Meine Großeltern, Franz und Johanna Sternath,

kauften 1881 von einem gewissen

Kaiser das Hofbauernhaus. Meine Mutter

Maria wurde 1879 geboren, leider verlor sie ihre

Mutter im Alter von neun Jahren. Mein Vater, Johann

Strohmeier, wurde 1874 geboren und diente

dem Kaiser als Berufssoldat. Meine Eltern hatten

24 Kinder, 18 Buben und 6 Dirndln. Einige von ihnen

sind als kleine Kinder verstorben und sechs von

ihnen hat 1918 die Spanische Grippe dahingerafft.

Als Letztgeborene kann ich mich nur an neun meiner

Geschwister erinnern. Obwohl wir eine Großfamilie

waren, hat es uns an nichts gefehlt. Die Mutter

kümmerte sich, dank ihres Wissens, um Kranke

und Schwangere und sorgte mit allerlei Kräutern

und Medizin für die Linderung so manchen Leidens.

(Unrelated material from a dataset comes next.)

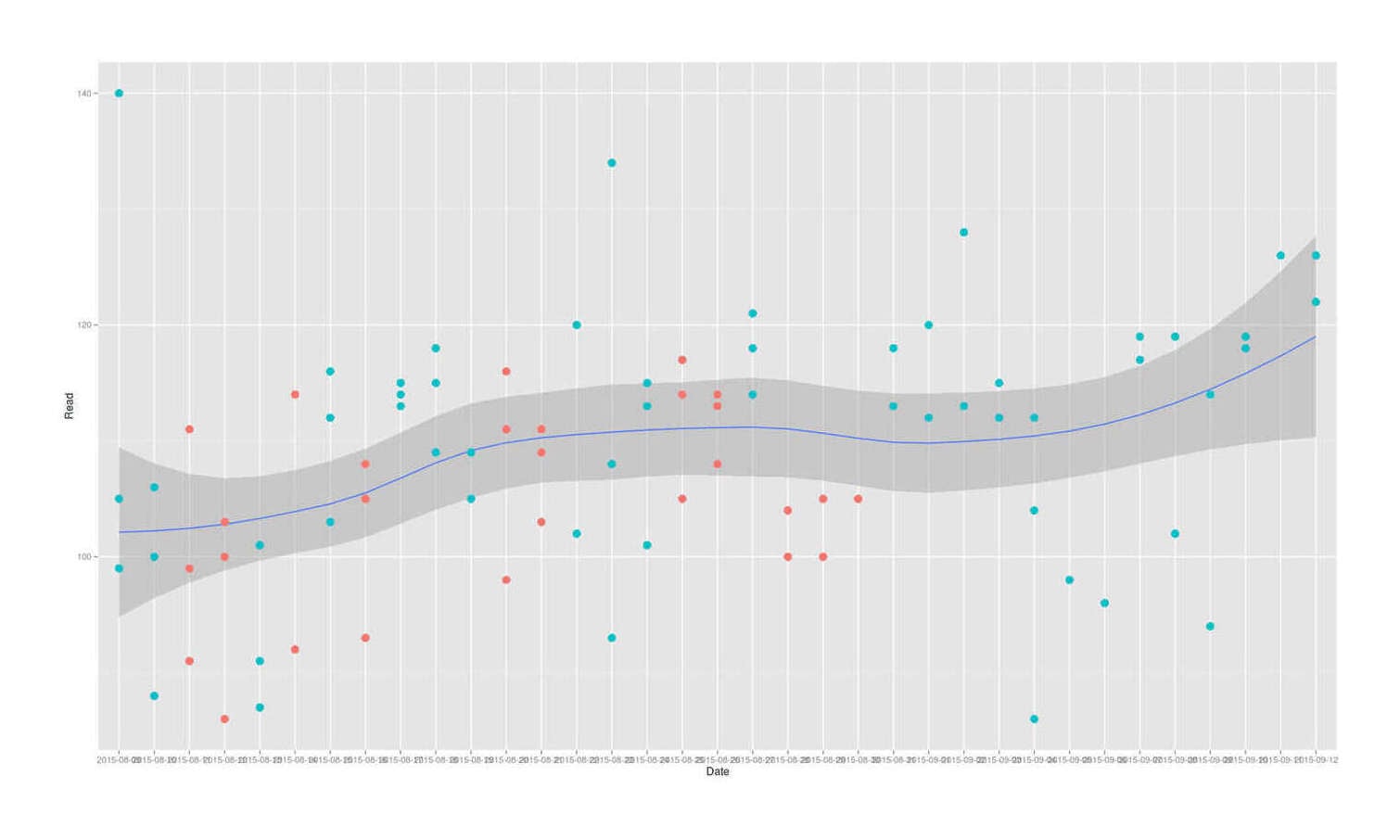 Another thing to notice in the plot is that blood glucose tests are both highly variable within a day, and highly variable between days as well. The variability between days implies that a multilevel model here would be good. The variability within days, on the other hand, implies that the different measurement times should be treated as covariates themselves, but also that we should remember that home blood glucose tests are not infinitely precise but the manufacturers claim an accuracy of something like ±5ng/ml (and in using my own blood glucose test strips, I find they can be much more noisy than that), so modeling the measurement-error would be worthwhile.

Der Vater bewirtschaftete mit uns Kindern den Hof

und dank seiner Arbeit mussten wir niemals Hunger

leiden. Das war in den Vorkriegsjahren durchaus

nicht überall so. Viele Menschen mussten um ihr

Überleben kämpfen und besonders schlimm war es

für die ausgedienten Knechte und Mägde.

Ich erinnere mich noch gut an Agnes. Ein alter

„Haartrog“, den man für die Schweineschlachtung

benutzte, um im heißen Wasser die Borsten abzureiben,

war ihr Zuhause. Darin lag ein alter Strohsack,

mit Woazfedern gefüllt, das war ihr Quartier.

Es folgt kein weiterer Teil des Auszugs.